Data segment:
● ● ●

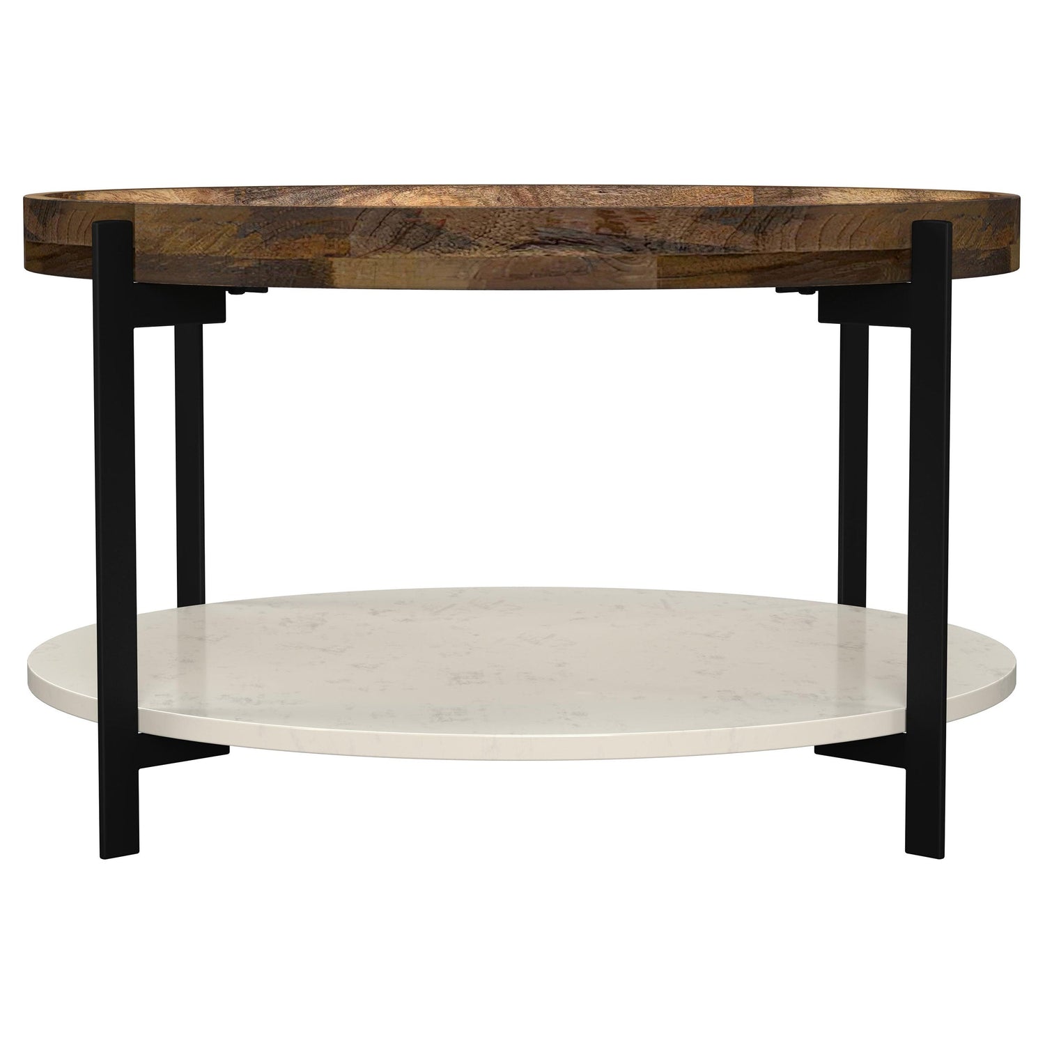 Enhance your living room with this elegant coffee table, a perfect fusion of organic materials and modern design. The stunning round solid mango wood top features unique grain patterns, paired beautifully with a luxurious white marble shelf below. Supported by slender black iron legs, this cocktail table provides sturdy support while maintaining a minimalist, airy aesthetic. The natural charm of the wood and the sleek marble create a sophisticated yet functional centerpiece for any space. This versatile coffee table will seamlessly elevate the style of your home while offering practical storage and display options.
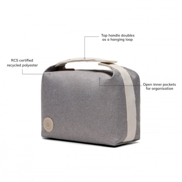 Horná rukoväť, zaistená patentným gombíkom, slúži aj ako pohodlné závesné pútko. Zips v hornej časti umožňuje jednoduchý prístup do hlavného priestoru, zatiaľ čo otvorené vnútorné vrecko uchováva vaše nevyhnutnosti usporiadané. Podiel recyklátu: 24 %
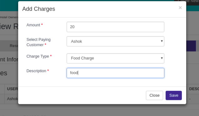 Adding charges: Owner can add extra charges based on customer need.

● ● ●

Would you output the listing above verbatim, without its pictures?

Solved problem:
 Enhance your living room with this elegant coffee table, a perfect fusion of organic materials and modern design. The stunning round solid mango wood top features unique grain patterns, paired beautifully with a luxurious white marble shelf below. Supported by slender black iron legs, this cocktail table provides sturdy support while maintaining a minimalist, airy aesthetic. The natural charm of the wood and the sleek marble create a sophisticated yet functional centerpiece for any space. This versatile coffee table will seamlessly elevate the style of your home while offering practical storage and display options.
 Horná rukoväť, zaistená patentným gombíkom, slúži aj ako pohodlné závesné pútko. Zips v hornej časti umožňuje jednoduchý prístup do hlavného priestoru, zatiaľ čo otvorené vnútorné vrecko uchováva vaše nevyhnutnosti usporiadané. Podiel recyklátu: 24 %
 Adding charges: Owner can add extra charges based on customer need.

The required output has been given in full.